Let’s say a surface warms by 1°C, from 15°C to 16°C
Using an emissivity of 1, that’s a change of 5.45 W/m2.
Using an emissivity of 0.97, that’s a change of 5.29 W/m2, a difference of a bit more than a tenth of a W/m2.
As a result, using emissivity =1 is the common practice.
w.
I understand your point, Willis, but my complaint is that the idea of radiation balance involves some numbers that make use of an effective emissivity, which we can’t possibly know better than
and others make use of an albedo which we surely don’t know better than 
and then we mix them numerically. I understand that we can juggle the numbers to obtain a balance, and then work with differences from there, but even so, how well do we know the resulting balance, or its trend? I am always skeptical of just-so arguments.
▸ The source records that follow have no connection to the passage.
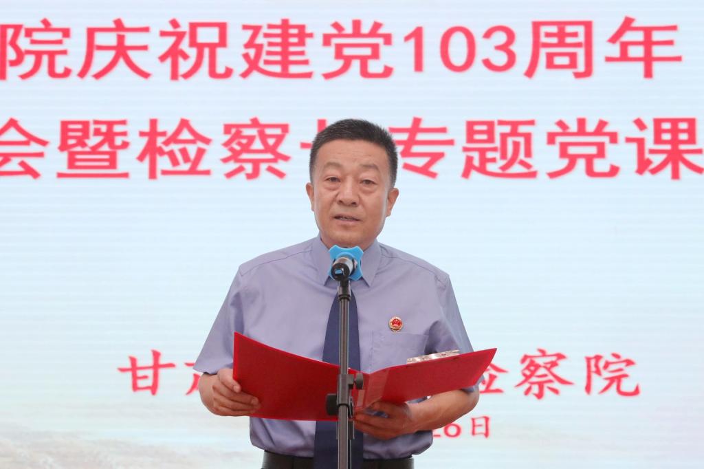 大会在庄严的国歌中拉开帷幕,沈涧带领全体党员干警重温入党誓词,党组成员、副检察长张学军宣读《关于表彰优秀共产党员、优秀党务工作者和先进党支部的决定》,在家党组成员为优秀共产党员、优秀党务工作者和先进党支部颁发荣誉证书和奖牌。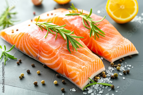 High-resolution raw salmon fillet with black pepper, rosemary and lemon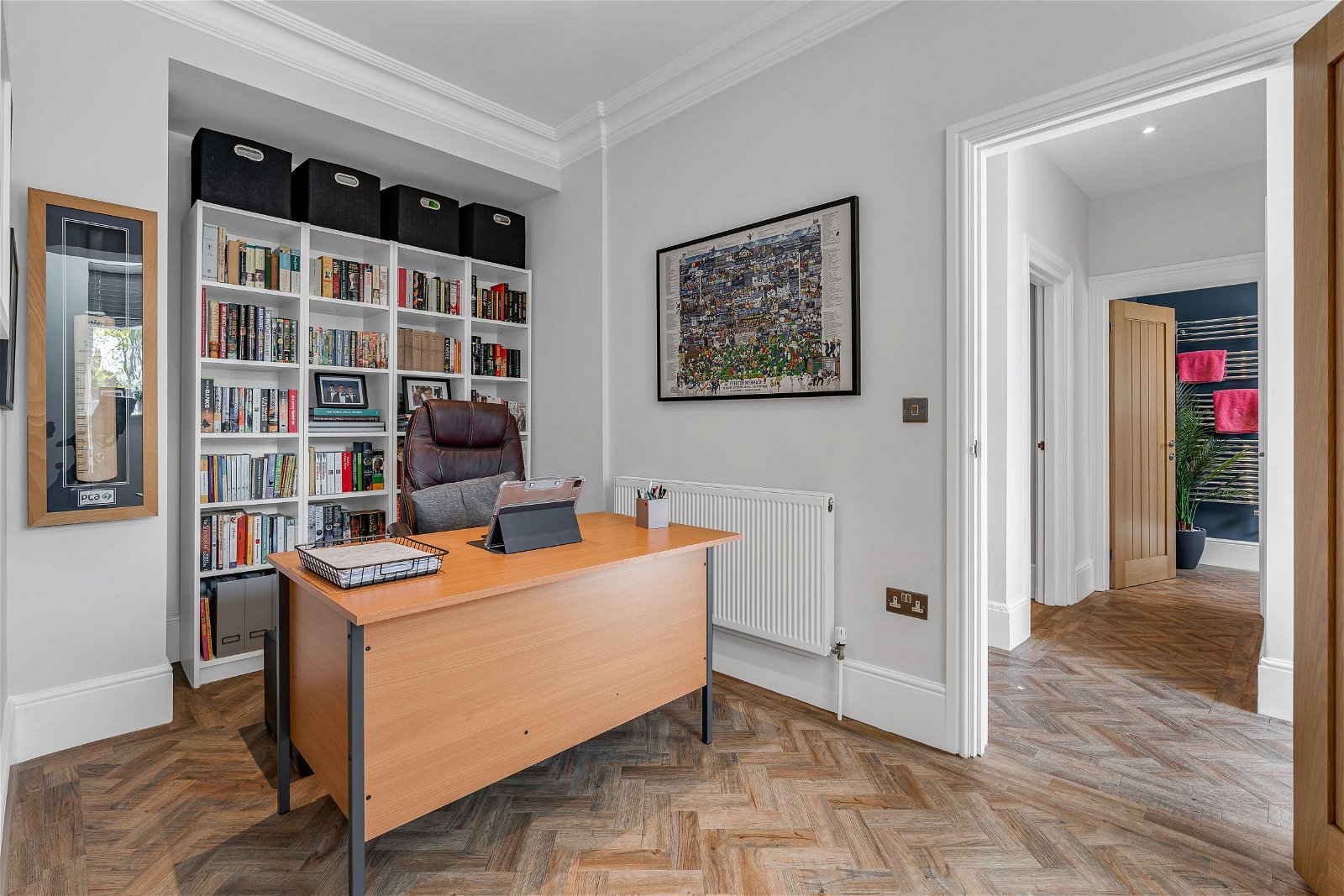 On the ground floor, you are greeted by a bright, spacious entrance hall, boasting high ceilings, a characterful fireplace, impressive feature staircase and Herringbone flooring which flows throughout. Leading from the hallway, discover the bespoke kitchen/dining room with exposed beams, integrated appliances and wraparound units complete with breakfast table. Flowing from the kitchen, the stunning living room features high ceilings, a feature fireplace and enjoys delightful views from the double doors leading to the rear garden. Adjacent to the entrance hall, there is a spacious sitting room boasting original beams, an open fireplace and bay windows which flood the rooms with natural light. The ground floor offers a further reception room currently serving as an office. To complete the ground floor, there is a convenient utility room, WC/cloakroom and large storage cupboard.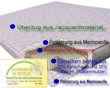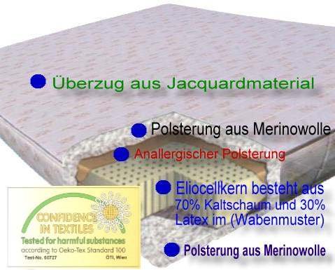 Materasso in schiuma fredda Eliocell, si compone di un nuovo materiale, elastico e estremamente resistente all' usura (schiuma comfort).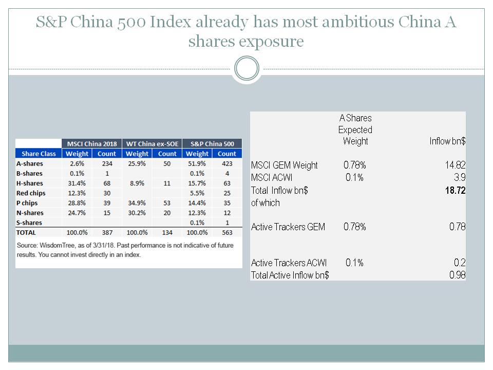 While after ARAMCO IPO the weighting is like to surpass Russia’s 3.4% weight ![]() Source: ML S&P China 500 Index already has most ambitious China A shares exposure

As an ocean science sort of fellow you can appreciate an analogy that drove me bonkers for years. The oceanography textbooks, and many articles (in the old Scientific American for instance) would always explain anomalously large tides, like at Truro, as a resonance phenomena; and then they would use a rectangular basin of water to explain the resonance — they would fudge the dimensions of this basin to get the answer they wanted. But any place having anomalously large tides is never on the shore of a rectangular basin. They are always an inlet in a channel or estuary having dimensions that diminish toward the port. The criteria for resonance in such an instance isn’t anything like the fudged rectangular dimensions; and the anomalously large tides are not a resonance, but are what a person would expect from jamming water into a restricted region.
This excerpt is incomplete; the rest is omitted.